Query syntax design
Context and Problem Statement
All libraries use their own query syntax for advanced search options. To increase usability, users should be able to formulate their (abstract) search queries in a query syntax that can be mapped to the library specific search queries. To achieve this, the query has to be parsed into an AST.
Which query syntax should be used for the abstract queries? Which features should the syntax support?
Considered Options
- Use a simplified syntax that is derived of the lucene query syntax
- Formulate a own query syntax
Decision Outcome
Chosen option: “Use a syntax that is derived of the lucene query syntax”, because only option that is already known, and easy to implement. Furthermore parsers for lucene already exist and are tested. For simplicity, and lack of universal capabilities across fetchers, only basic query features and therefor syntax is supported:
- All terms in the query are whitespace separated and will be ANDed
- Default and certain fielded terms are supported
- Fielded Terms:
author
title
journal
year
(for single year)year-range
(for range e.g.year-range:2012-2015
)
- The
journal
,year
, andyear-range
fields should only be populated once in each query - The
year
andyear-range
fields are mutually exclusive - Example:
author:"Igor Steinmacher" author:"Christoph Treude" year:2017
will be converted toauthor:"Igor Steinmacher" AND author:"Christoph Treude" AND year:2017
The supported syntax can be expressed in EBNF as follows:
Query := {Clause}
Clause:= [Field] Term
Field := author: | title: | journal: | year: | year-range: | default:
Term := Word | Phrase \
Word can be derived to any series of non-whitespace characters.

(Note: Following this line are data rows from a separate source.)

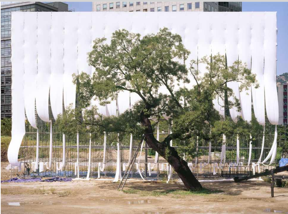
선원전 영역 회화나무 사진 2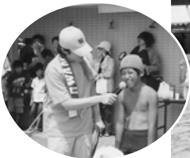
▶勝者インタビュー(ハア、疲れた)

今年は22連、約1,000人が、松前音頭を踊りました。各連、それぞれに趣向をこらしたパフォーマンスを披露するなど、参加者全員で踊りの輪を会場いっぱいにうめつきました。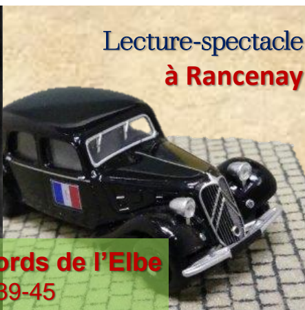
Lecture-spectacle à Rancenay

parcours-spectacle 25, 27 juillet 21h 22, 23 août 20h30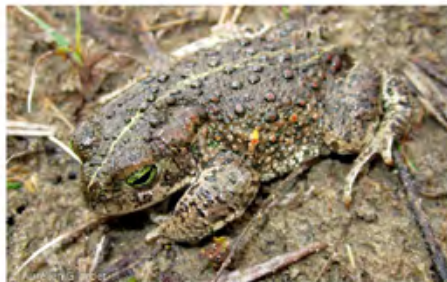
⤴ Crapaud calamite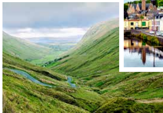
Irlands grüne Landschaft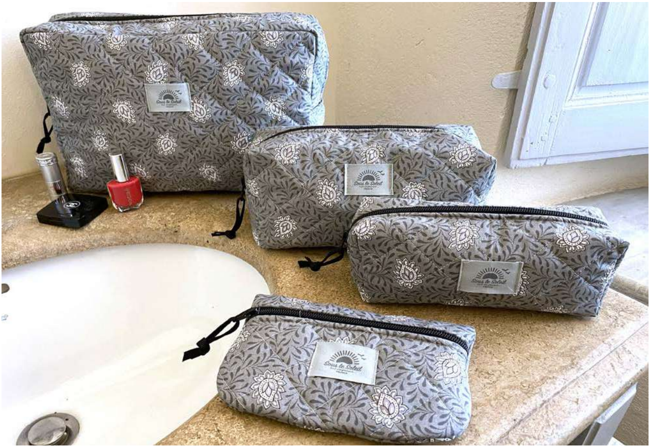
Fourre-tout petit, moyen et grand modèle, Pochette plate Gris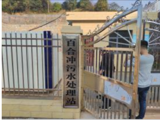
百合冲污水处理站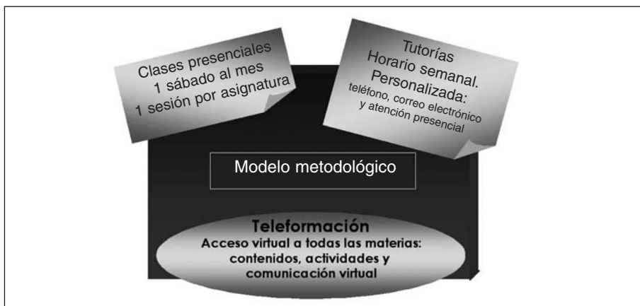
Modelo metodológico (Elaboración propia)

co 2005-2006 ha sido de 10 en la franja horaria de 8 a 15 horas. La primera sesión presencial fue el sábado 8 de octubre de 2005.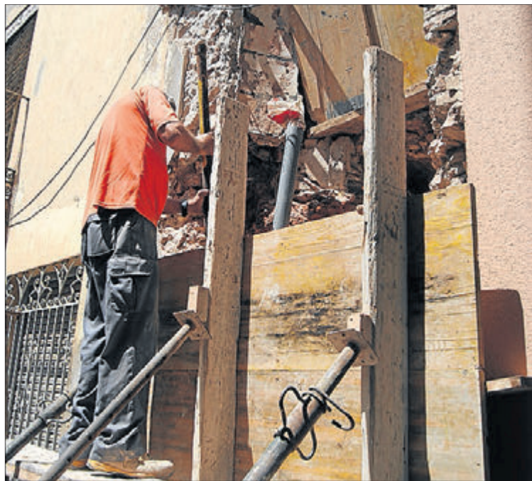
Los técnicos seguirán trabajando en la zona tras las fiestas.

En concreto, en la antigua calle de Baix se ha dejado al descubierto la muralla que estaba oculta en una pared y se está restituyendo la parte en peor estado, de manera que sobresalga unos centímetros, "marcando también así la diferencia de amplitud entre las murallas del siglo XIV y las del siglo XVI". Para esta reconstrucción se está utilizando la misma técnica que se usó en la construcción original del muro. "Estamos utilizando la técnica de la arquitectura de tapia, que es una forma de construcción muy antigua que se usa mucho en restauraciones y que consiste en la construcción del muro con tierra húmeda compactada a golpes con un pisón y con un encofrado de madera que se va desplazando a medida que se avanza en la construcción", ex-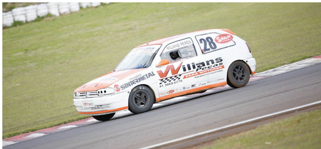
Wilians Peres se sagrou campeão da categoria Turismo ao fim de uma temporada fantástica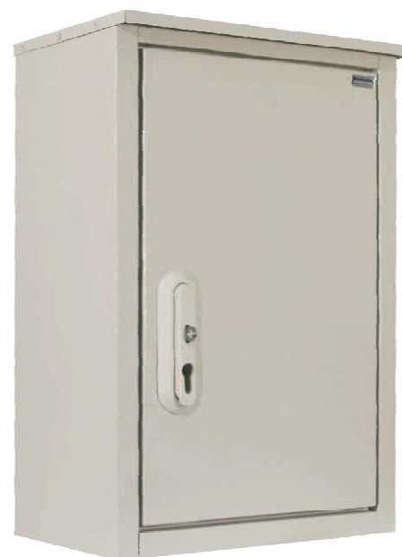
Obudowa Złącza Kablowego z blachy ocynkowanej lub aluminiowej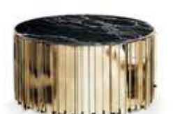
EMPIRE エンパイア センターテーブル

材質： 真鍮・大理石 標準仕上げ： ゴールドメッキ ネロマルキーナ（大理石） 寸法： 直径80cm、高さ40cm 重量： 72kg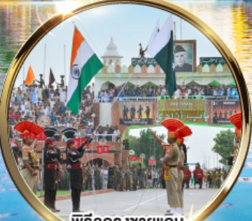
พิธีฉลองชายแดน อินเดีย-ปากีสถาน ค่ายวากาห์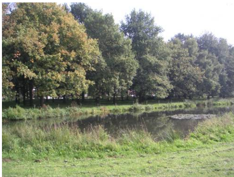
Poel nabij rotonde Ringbaan

Phrases are multiple words wrapped in quotes and may contain white-space characters within the quotes.
Note: Even though this EBNF syntactically allows the creation of queries with year and year-range fields, such a query does not make sense semantically and therefore will not be executed.
Positive Consequences
- Already tested
- Well known
- Easy to implement
- Can use an existing parser
Pros and Cons of the Options
Use a syntax that is derived of the lucene query syntax
- Good, because already exists
- Good, because already well known
- Good, because there already exists a parser for lucene syntax
- Good, because capabilities of query conversion can easily be extended using the flexible lucene framework
Formulate a own query syntax
- Good, because allows for flexibility
- Bad, because needs a new parser (has to be decided whether to use ANTLR, JavaCC, or LogicNG)
- Bad, because has to be tested
- Bad, because syntax is not well known
- Bad, because the design should be easily extensible, requires an appropriate design (high effort)